ChatGPT: 5.67 citations per response

Google AI Overviews: 3–8 citations per response

Source: Tryprofound.com, AI Citation Density Study, 2025

For researchers, this is an opportunity. If your paper is structured correctly and discoverable by AI engines, you're in the citation pool. If it's not, you're invisible. The researchers who optimise for AI now will see dramatic citation increases over the next 2–3 years as AI-driven discovery becomes the norm.

How AI Engines Select Sources to Cite

Before optimising, you need to understand how generative engines find and evaluate papers for citation.

AI search engines operate in two phases:

Retrieval: The engine searches across indexed documents (typically academic databases, preprint servers, and open-access repositories) for papers relevant to the user query.
Citation selection: The engine evaluates which retrieved papers are most credible, relevant, and clear enough to cite in the response.

Phase 1 is indexing, you need to be discoverable. Phase 2 is quality, your paper needs to be citable. Both are critical, and both require specific optimisations.

The Retrieval Phase: Indexing and Metadata

Most AI search engines index papers from these sources (in order of coverage):

Google Scholar and Google Books
PubMed Central (PMC)
bioRxiv and medRxiv (preprint servers)
arXiv (physics, maths, computer science)
Crossref metadata (DOI database)
Institutional repositories
ResearchGate and Academia.edu (limited indexing by modern engines)

If your paper is not indexed in at least one of these systems, AI engines won't find it. If it's paywalled with no public version, retrieval is limited. Paywalled papers are deprioritised by AI retrieval models because the engines' training data weighted public sources higher.

First optimisation rule: make your paper publicly available. Preprint servers (bioRxiv, medRxiv, arXiv) ensure immediate indexing by AI engines. Publishing your accepted manuscript to PubMed Central or an institutional repository ensures long-term discoverability. When you combine public availability with structured metadata, you unlock the retrieval phase.

The Citation Selection Phase: Citable Attributes

Among retrieved papers, AI engines prioritise papers that are:

Structurally clear: The paper has a standard abstract, introduction, methods, results, conclusion structure that LLMs can parse efficiently.
Fact-dense: The abstract and introduction contain specific, numbered claims that answer user questions directly.
Authority-signalling: The paper cites established sources, includes quantitative results, and comes from credible authors or institutions.
Schema-marked: The paper's metadata includes structured data (JSON-LD schema markup) that explicitly identifies claims, authors, and dates.
Syntactically simple: The abstract and key claims use straightforward language without jargon (unless the query includes domain-specific terms).

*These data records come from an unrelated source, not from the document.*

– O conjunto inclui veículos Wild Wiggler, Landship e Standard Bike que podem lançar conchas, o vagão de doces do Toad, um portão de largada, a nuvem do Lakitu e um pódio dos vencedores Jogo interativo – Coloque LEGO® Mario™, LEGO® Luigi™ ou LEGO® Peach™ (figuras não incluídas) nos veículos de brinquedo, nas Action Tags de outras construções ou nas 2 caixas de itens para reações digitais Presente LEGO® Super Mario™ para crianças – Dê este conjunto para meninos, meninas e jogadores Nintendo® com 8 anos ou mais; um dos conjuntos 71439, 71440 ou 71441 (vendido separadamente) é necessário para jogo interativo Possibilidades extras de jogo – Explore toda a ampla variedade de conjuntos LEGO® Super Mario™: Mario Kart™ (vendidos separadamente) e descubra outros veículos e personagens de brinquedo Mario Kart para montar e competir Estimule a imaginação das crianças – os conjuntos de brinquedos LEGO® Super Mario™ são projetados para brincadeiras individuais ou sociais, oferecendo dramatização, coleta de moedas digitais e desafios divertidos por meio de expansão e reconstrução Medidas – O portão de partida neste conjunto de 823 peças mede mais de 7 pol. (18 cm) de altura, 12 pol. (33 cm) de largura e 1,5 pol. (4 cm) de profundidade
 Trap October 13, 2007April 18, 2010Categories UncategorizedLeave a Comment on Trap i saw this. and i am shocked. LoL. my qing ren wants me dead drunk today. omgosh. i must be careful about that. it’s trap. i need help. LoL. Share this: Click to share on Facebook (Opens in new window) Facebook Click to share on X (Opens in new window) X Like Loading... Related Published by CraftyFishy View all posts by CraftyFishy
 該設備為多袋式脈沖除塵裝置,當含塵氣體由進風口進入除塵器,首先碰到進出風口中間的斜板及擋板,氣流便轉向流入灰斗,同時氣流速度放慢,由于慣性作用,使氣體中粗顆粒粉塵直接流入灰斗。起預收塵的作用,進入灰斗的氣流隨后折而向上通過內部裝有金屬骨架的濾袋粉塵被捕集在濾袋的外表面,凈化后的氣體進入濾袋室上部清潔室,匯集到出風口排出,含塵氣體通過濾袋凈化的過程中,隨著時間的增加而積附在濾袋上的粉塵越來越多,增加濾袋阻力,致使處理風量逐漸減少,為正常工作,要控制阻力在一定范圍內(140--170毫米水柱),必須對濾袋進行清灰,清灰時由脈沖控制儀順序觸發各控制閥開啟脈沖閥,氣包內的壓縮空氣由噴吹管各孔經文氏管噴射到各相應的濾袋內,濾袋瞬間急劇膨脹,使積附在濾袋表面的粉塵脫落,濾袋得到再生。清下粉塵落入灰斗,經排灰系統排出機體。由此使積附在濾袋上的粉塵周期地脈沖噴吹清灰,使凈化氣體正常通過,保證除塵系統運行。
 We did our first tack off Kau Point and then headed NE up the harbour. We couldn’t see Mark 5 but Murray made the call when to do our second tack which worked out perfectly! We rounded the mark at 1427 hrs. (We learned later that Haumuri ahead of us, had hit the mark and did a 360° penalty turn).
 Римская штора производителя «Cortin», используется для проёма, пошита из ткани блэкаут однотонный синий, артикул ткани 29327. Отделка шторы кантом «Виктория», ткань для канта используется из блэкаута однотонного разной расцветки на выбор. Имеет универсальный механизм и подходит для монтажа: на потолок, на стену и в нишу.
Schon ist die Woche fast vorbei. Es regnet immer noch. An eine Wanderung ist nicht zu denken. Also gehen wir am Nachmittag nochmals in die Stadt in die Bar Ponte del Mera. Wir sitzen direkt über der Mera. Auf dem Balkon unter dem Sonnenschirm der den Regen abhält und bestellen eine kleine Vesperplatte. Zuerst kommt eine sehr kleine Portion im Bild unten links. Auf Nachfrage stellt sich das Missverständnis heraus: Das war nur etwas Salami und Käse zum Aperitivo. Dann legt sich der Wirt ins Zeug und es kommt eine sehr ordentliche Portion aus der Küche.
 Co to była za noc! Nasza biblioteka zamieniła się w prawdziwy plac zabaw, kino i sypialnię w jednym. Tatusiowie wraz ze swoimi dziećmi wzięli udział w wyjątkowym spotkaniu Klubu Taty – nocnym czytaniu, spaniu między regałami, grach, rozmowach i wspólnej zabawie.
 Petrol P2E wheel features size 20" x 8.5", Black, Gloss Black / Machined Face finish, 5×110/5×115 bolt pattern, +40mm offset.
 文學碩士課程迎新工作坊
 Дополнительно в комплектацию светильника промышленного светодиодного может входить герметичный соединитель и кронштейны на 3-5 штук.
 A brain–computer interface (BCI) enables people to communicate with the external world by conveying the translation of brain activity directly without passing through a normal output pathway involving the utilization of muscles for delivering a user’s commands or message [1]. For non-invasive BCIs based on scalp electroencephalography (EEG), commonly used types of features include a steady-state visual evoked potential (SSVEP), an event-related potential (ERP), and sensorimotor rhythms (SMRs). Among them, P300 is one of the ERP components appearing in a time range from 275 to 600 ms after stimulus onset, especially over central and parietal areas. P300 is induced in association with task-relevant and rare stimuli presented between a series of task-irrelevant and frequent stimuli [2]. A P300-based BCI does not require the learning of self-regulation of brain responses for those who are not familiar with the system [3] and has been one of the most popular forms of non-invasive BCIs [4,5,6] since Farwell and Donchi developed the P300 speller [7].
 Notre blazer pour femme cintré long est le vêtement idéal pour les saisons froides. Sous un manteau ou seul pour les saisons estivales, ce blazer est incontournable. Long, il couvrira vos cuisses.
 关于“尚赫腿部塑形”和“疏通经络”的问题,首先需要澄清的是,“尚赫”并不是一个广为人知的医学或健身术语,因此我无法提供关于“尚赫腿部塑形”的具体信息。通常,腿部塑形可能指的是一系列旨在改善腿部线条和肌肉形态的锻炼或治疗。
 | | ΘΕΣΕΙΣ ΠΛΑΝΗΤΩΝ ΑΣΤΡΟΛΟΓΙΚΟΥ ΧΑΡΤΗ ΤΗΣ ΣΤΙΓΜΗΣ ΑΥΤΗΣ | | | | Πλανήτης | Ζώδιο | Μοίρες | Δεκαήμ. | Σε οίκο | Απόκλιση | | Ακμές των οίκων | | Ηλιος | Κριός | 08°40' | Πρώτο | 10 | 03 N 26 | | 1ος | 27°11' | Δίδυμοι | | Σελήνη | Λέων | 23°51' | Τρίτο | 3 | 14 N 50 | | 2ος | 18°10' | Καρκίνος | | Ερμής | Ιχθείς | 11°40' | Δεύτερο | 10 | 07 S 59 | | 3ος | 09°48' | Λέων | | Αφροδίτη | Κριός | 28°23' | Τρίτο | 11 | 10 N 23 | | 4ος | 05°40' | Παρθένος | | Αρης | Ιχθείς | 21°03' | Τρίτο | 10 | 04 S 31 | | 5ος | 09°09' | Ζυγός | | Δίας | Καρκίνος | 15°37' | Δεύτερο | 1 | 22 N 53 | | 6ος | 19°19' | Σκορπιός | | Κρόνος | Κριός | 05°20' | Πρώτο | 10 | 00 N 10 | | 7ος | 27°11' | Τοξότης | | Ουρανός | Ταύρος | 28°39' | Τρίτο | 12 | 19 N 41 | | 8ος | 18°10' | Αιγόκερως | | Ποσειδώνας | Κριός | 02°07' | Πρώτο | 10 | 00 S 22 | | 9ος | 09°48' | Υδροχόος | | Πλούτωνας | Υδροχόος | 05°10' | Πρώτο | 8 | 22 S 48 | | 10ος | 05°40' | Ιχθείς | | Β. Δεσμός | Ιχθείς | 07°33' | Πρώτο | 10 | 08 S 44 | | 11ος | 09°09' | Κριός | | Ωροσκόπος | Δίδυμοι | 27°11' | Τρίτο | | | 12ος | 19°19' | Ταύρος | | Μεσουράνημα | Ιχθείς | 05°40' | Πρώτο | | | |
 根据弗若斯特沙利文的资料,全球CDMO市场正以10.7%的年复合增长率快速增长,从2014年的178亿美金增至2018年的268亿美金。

Papers that meet these criteria are "AI-citation-ready." Papers that don't, those with vague abstracts, embedded claims, poor metadata, or jargon-heavy language, are deprioritised. AI models learn to avoid citing papers they can't easily extract claims from, because hallucination risk increases with parsing difficulty.

What Makes a Paper "Citable" by LLMs: The 5 Pillars

1. Structured Abstracts (Clear and Claim-Dense)

Traditional abstracts are narratives: "We conducted a study to examine the relationship between X and Y." AI engines need explicit claims: "X causes a 23% increase in Y."

A citable abstract must include:

Objective (1–2 sentences): What question does this paper answer?
Methods (1–2 sentences): How did you test it?
Results (2–3 sentences): What did you find? Include numbers.
Conclusion (1–2 sentences): What does this mean?

Example of an AI-citable abstract:

"We analysed 47,000 research papers published between 2010 and 2024 to determine whether structured abstracts increase citation rates. Using Scopus data and logistic regression, we found that papers with structured abstracts receive 34% more citations on average (95% CI: 28–42%) than unstructured abstracts. This effect was consistent across all STEM fields and life sciences. We conclude that abstract structure is a significant predictor of citation impact, independent of journal impact factor."

This abstract is citable because:

It uses clear, declarative sentences.
Every claim is backed by a number or range.
It answers specific questions an AI engine might ask.
The structure (objective, methods, results, conclusion) maps to how LLMs segment text.

2. Clear Claims with Inline Attribution

AI citation models work best when claims are discrete and attributed. Compare:

Non-attributed claim (hard to cite):
"Recent research suggests that intervention protocols improve patient outcomes."

Attributed claim (easy to cite):
"Garcia et al. (2023) found that intervention protocol XYZ improved patient outcomes by 31% in a randomised controlled trial of 850 patients."

When you write your paper, use specific attributions and inline citations. Avoid vague phrases like "studies show" or "evidence suggests." Use "Smith et al. (2024) demonstrated that…" or "The ECLIPSE trial (Johnson 2023) found that…"

This matters because AI engines use citation attribution to evaluate source reliability. Papers that explicitly cite their sources are weighted higher than papers that make unsourced claims. When an LLM encounters your paper, it looks for how you've grounded your claims in prior work. Well-attributed papers signal expertise and reduce the model's hallucination risk.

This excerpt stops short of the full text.